▶ THE INPUT
+---+

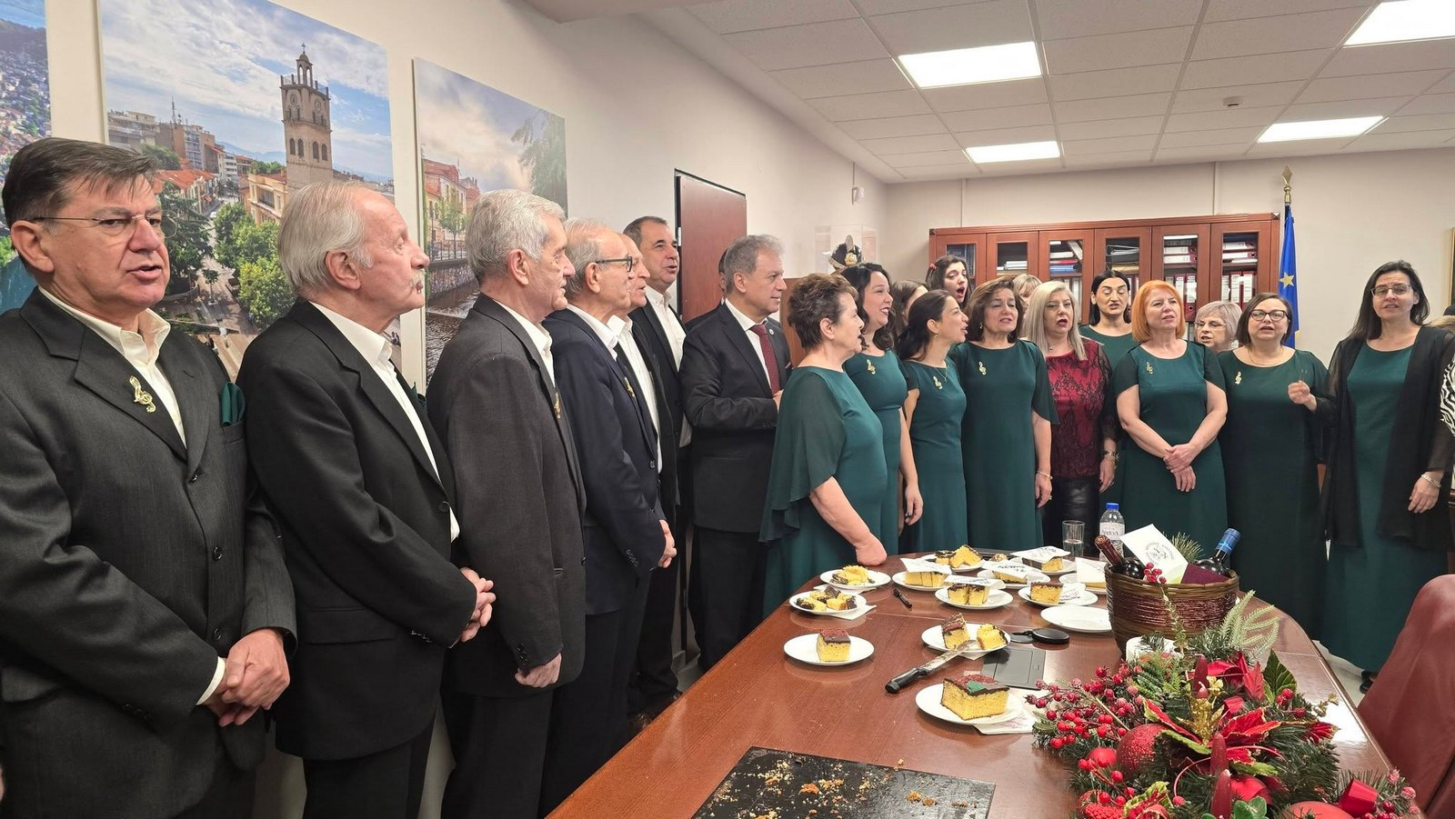 Πρωτοχρονιάτικα κάλαντα έψαλλαν η Χορωδία Δωματίου Κοζάνης, ο Σύλλογος “Κασμιρτζήδις” Κοζάνης και ο Μορφωτικός-Πολιτιστικός Σύλλογος Λευκοπηγής. Το τυχερό φλουρί “έπεσε” στον Περιφερειακό Συμβούλο Χαρίσιο Γκοβεδάρο.
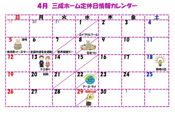 4月の定休日カレンダーが出来ました
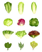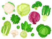 Piękny zestaw z akwarelą ręcznie rysowane zielone obrazy warzywne. Ilustracja.
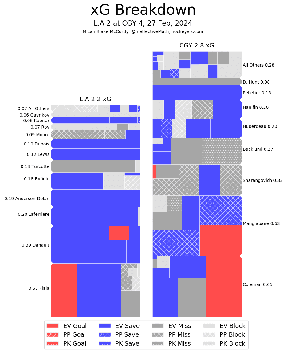 Taken By Chance – Blake Coleman (66.85 SCF% // 84.71 HDCF%) led the team in high danger chances with 6. He backed it up with just 1 against – the Backlund (66.96% // 82.17%) trio spent almost the entire time attacking in this one. On the flip side the Kings got some quality looks, in the third period specifically, that were given up against the usual suspects. Andersson (23.53% // 15.08%) and Weegar (17.02% // 15.08%) do play top minutes against top players, but the end results can’t be this many quality looks against in a game. For what it’s worth I still feel Weegar had a good game – he just lost some of that finishing touch on his shots the last little bit.
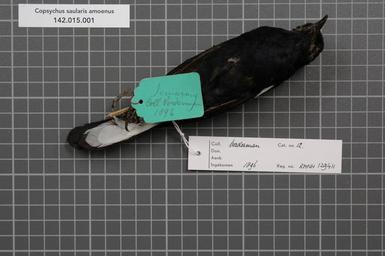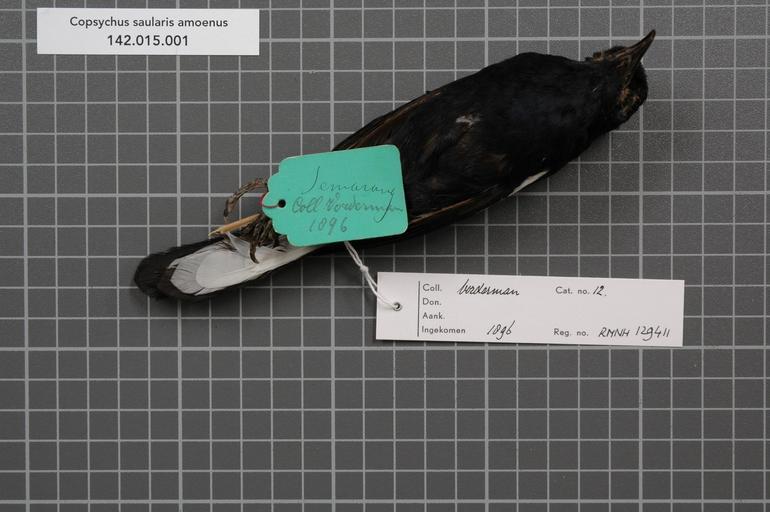Keywords: Naturalis Biodiversity Center - RMNH.AVES.129411 2 - Copsychus saularis amoenus (Horsfield, 1821) - Turdidae - bird skin specimen.jpeg artwork Dimensions artwork Document type Turdidae Copsychus Individual count 1 Infraspecific epithet amoenus Infraspecific rank Institution Naturalis Kind of unit artwork Kind of unit specimen skin Life stage Medium artwork Nomenclatural code Sex remark Vorderman label no information about the SexRMNH label male Occurrence ID page Other fields Other versions artwork Permission license Naturalis donation CC-0 Publication location Scientific name Copsychus saularis amoenus Horsfield 1821 Scientific name authorship Horsfield 1821 male Source url http //bioportal naturalis nl Specific epithet saularis State or province Java Semarang Subject keywords artwork Subject keywords publication Title artwork Title publication Type status Uploaded with GWToolset Naturalis_Biodiversity_Center_-_RMNH AVES 129411_2_-_Copsychus_saularis_amoenus_ Horsfield _1821 _-_Turdidae_-_bird_skin_specimen http //medialib naturalis nl/file/id/RMNH AVES 129411_2/format/large Media donated by Naturalis Biodiversity Center Songbird specimens at Naturalis Biodiversity Center Copsychus saularis museum specimens |
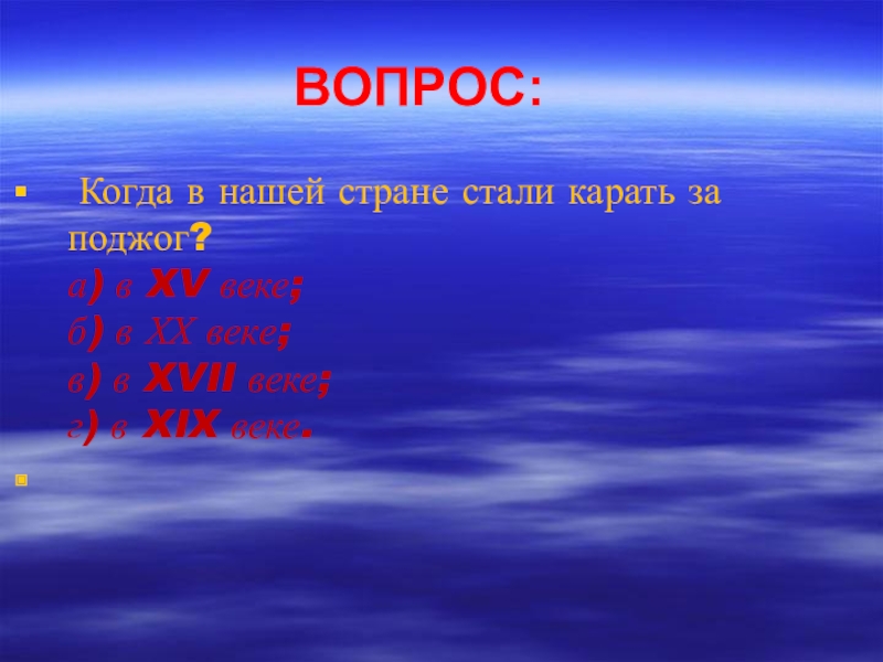 ВОПРОС: Когда в нашей стране стали карать за поджог? а) в XV веке; б) в ХХ веке; в)

+---+

▶ WORK TO COMPLETE
Word for word and without pictures, please write out only the lines from the start of the entries through the line containing "Piękny zestaw z", both included.

▶ OUTPUT FOR THIS TASK
 Πρωτοχρονιάτικα κάλαντα έψαλλαν η Χορωδία Δωματίου Κοζάνης, ο Σύλλογος “Κασμιρτζήδις” Κοζάνης και ο Μορφωτικός-Πολιτιστικός Σύλλογος Λευκοπηγής. Το τυχερό φλουρί “έπεσε” στον Περιφερειακό Συμβούλο Χαρίσιο Γκοβεδάρο.
 4月の定休日カレンダーが出来ました
 Piękny zestaw z akwarelą ręcznie rysowane zielone obrazy warzywne. Ilustracja.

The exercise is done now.